New York Penal Law 480.35 – Rebuttable presumption

1. In a criminal forfeiture proceeding commenced pursuant to this article, the following rebuttable presumption shall apply: all currency or negotiable instruments payable to the bearer shall be presumed to be the proceeds of a felony offense when such currency or negotiable instruments are

(i) found in close proximity to a controlled substance unlawfully possessed by the defendant in an amount sufficient to constitute a violation of section 220.18 or 220.21 of the penal law, or

(ii) found in close proximity to any quantity of a controlled substance or marihuana unlawfully possessed by such defendant in a room, other than a public place, under circumstances evincing an intent to unlawfully mix, compound, package, distribute or otherwise prepare for sale such controlled substance or marihuana.

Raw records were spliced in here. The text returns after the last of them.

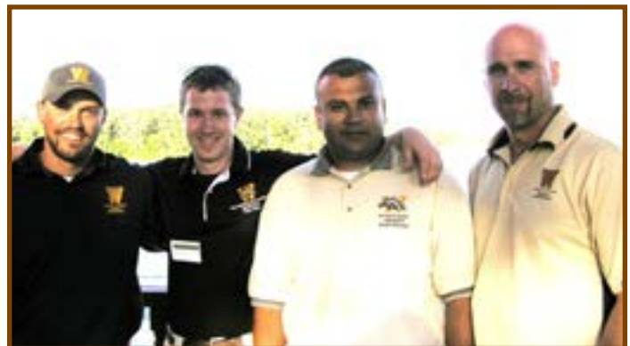
Staff and students golfing together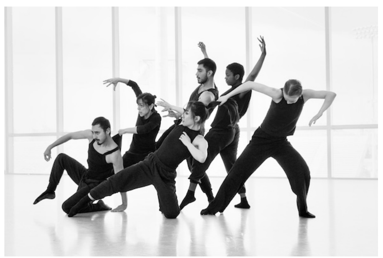
Kybele Dance Theater.

Kybele Dance Theater at the Glorya Kaufman Performing Arts Center, 3200 Motor Ave., Cheviot Hills; Sat., March 9, 7:30 pm, Sun., March 10, 3 pm, $30-$45, $20 students. Kybele Dance tickets.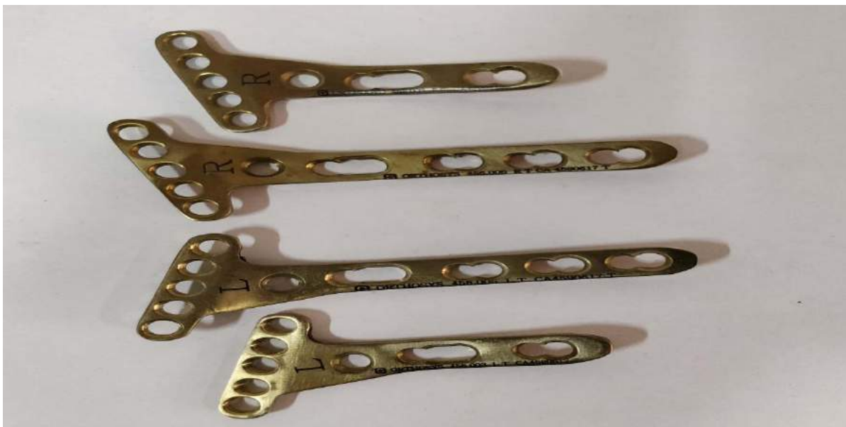
Cat No: 456.003 LT/RT /456.003 L/R - 456.005 LT/RT /456.005 L/R Distal Radius Volar LCP 5 H (Left /Right) 2.7 mm LCP (TiT/SS)- (3 -5 Holes)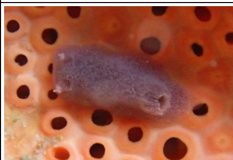
Jorunna ramicola (3)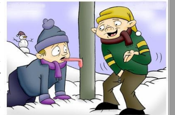
"Don't worry, I can melt your tongue off there. Just hold still..."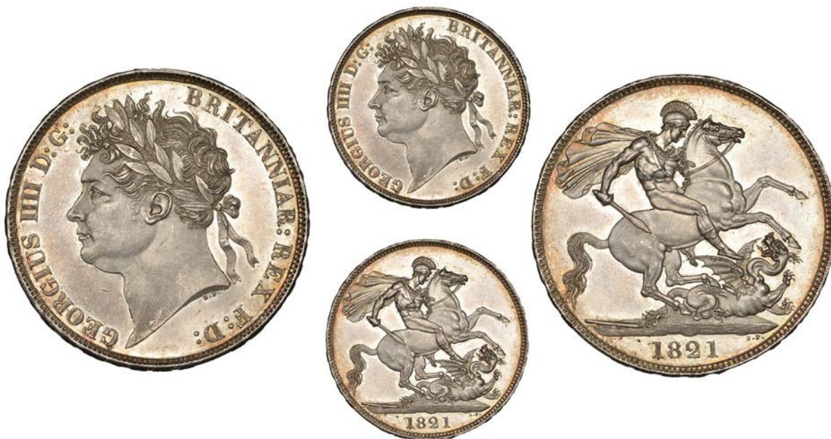
1299 Crown, 1821, edge SECUNDO (ESC 2310; S 3805). Good extremely fine, with bright reflective fields [Graded by NGC as MS 63]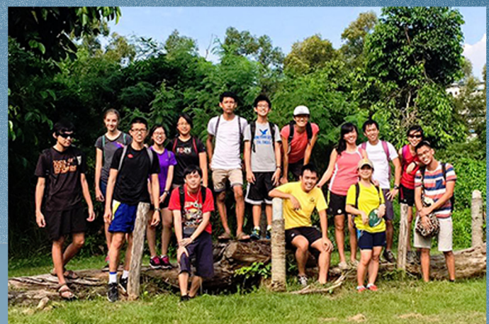
Another Covenant Keepers outing - this time to Tampines Eco Park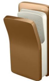
Pearl Gold SFF-PHGOLD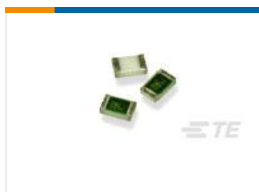
TE Part #5-1614882-0 CPF 0603 15K 0.1% 25PPM 5K RL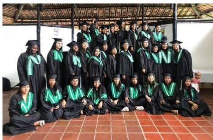
Final photo for the presentation of the 2021 certificates with robe and hat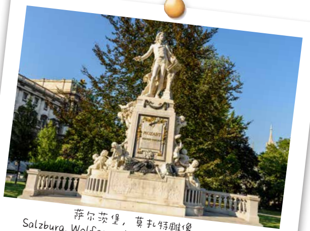
萨尔茨堡，莫扎特雕像 Salzburg, Wolfgang Amadeus Mozart Statue

乘坐巴士，沿着环城大道行驶，这里拥有众多建筑瑰宝，如国家歌剧院、国会议厅、市政厅、以及霍夫堡皇宫随后，参观美泉宫，以及欣赏宫殿奇妙的内部装饰并了解其迷人的历史。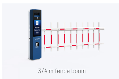
3/4 m fence boom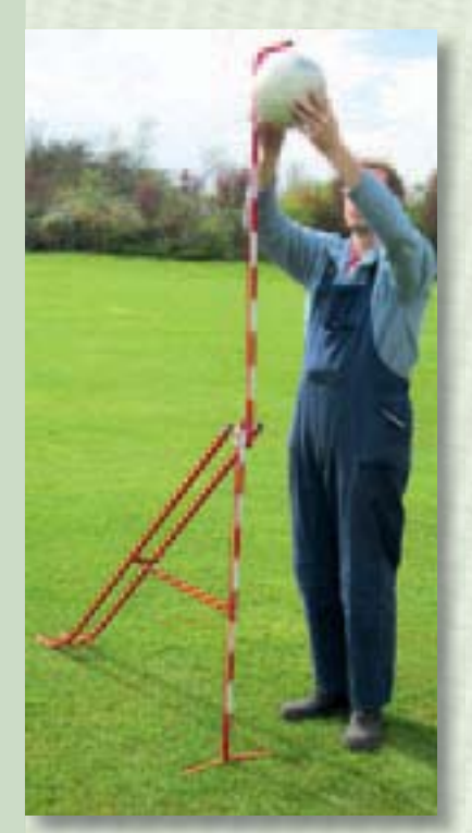
Ball Rebound Testing Bar

This device measures how far the ball rolls, and how high it bounces and gives an indication on what kind of maintenance is needed.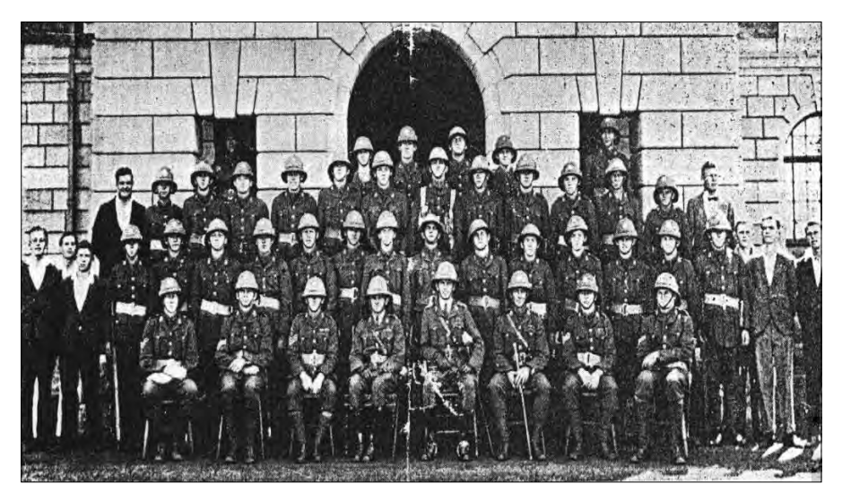
FIGURE 3: No 2 Field Company, Pretoria, [1926].

Instead of establishing the units at practical locations as the Clarke Committee had suggested, Defence Headquarters succumbed to the idea of an engineer unit at each provincial capital. However, practicalities were to show that this did not work. Within six months of the establishment of No.1 Field Troop, the unit had to be transferred to Durban in view of a very poor response to the call for personnel in Pietermaritzburg. Durban had a larger population and the greater industrial activity offered a far better chance of forming and training a useful unit. Durban had been the obvious choice from the start.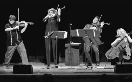
ETHEL in performance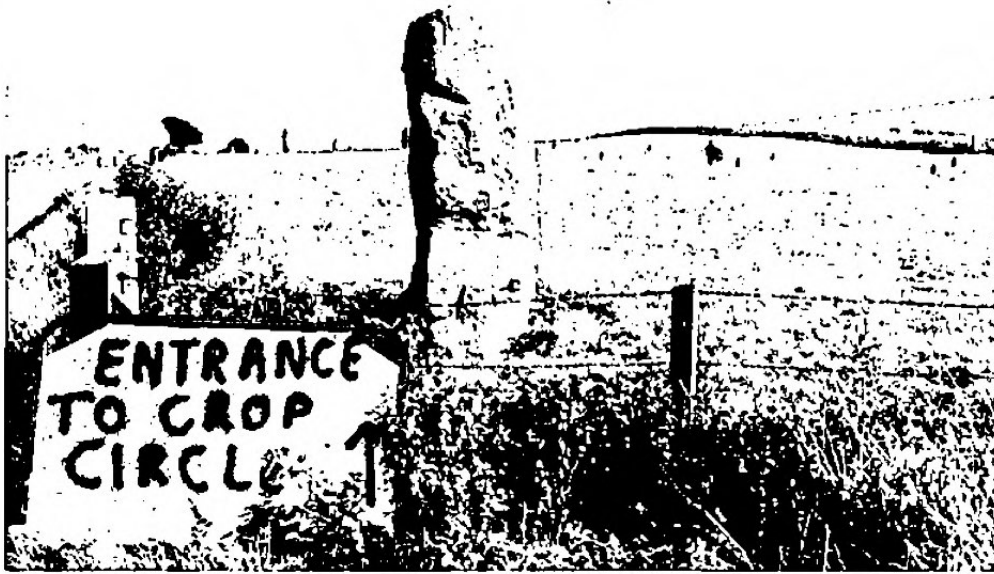
This particular circle, located in the field to the right, just happened to be "conveniently" visible from the well trafficked Red Lion pub in Avebury

permission to enter their fields and collect samples. He gave her the coordinates of the field we thought Busty's new formation was in and we piled into a car to see what, if anything, was visible from the road.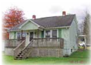
MLS# 62576 FORT CHISWELL ROAD 3 bedrooms, 1.5 baths, 1460 SF on 0.60 acres.....$90,000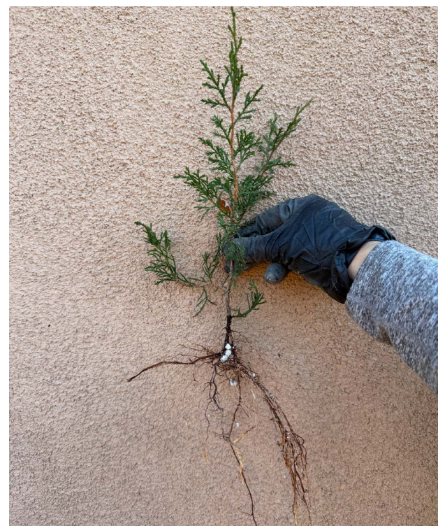
Above: Do it, you know you want to! It’s great to have a flat of rooted shimpaku at hand for group, slab, and rock plantings - or anything your heart desires. Plus it’s satisfying.

2. The presumption established by this section shall be rebutted by credible and reliable evidence which tends to show that such currency or negotiable instruments payable to the bearer is not the proceeds of a felony offense. In an action tried before a jury, the jury shall be so instructed. Any sworn testimony of a defendant offered to rebut the presumption and any other evidence which is obtained as a result of such testimony, shall be inadmissible in any subsequent proceeding relating to the forfeiture action, or in any other civil or criminal action, except in a prosecution for a violation of article two hundred ten of this chapter. In an action tried before a jury, at the commencement of the trial, or at such other time as the court reasonably directs, the prosecutor shall provide notice to the court and to the defendant of its intent to request that the court charge such presumption.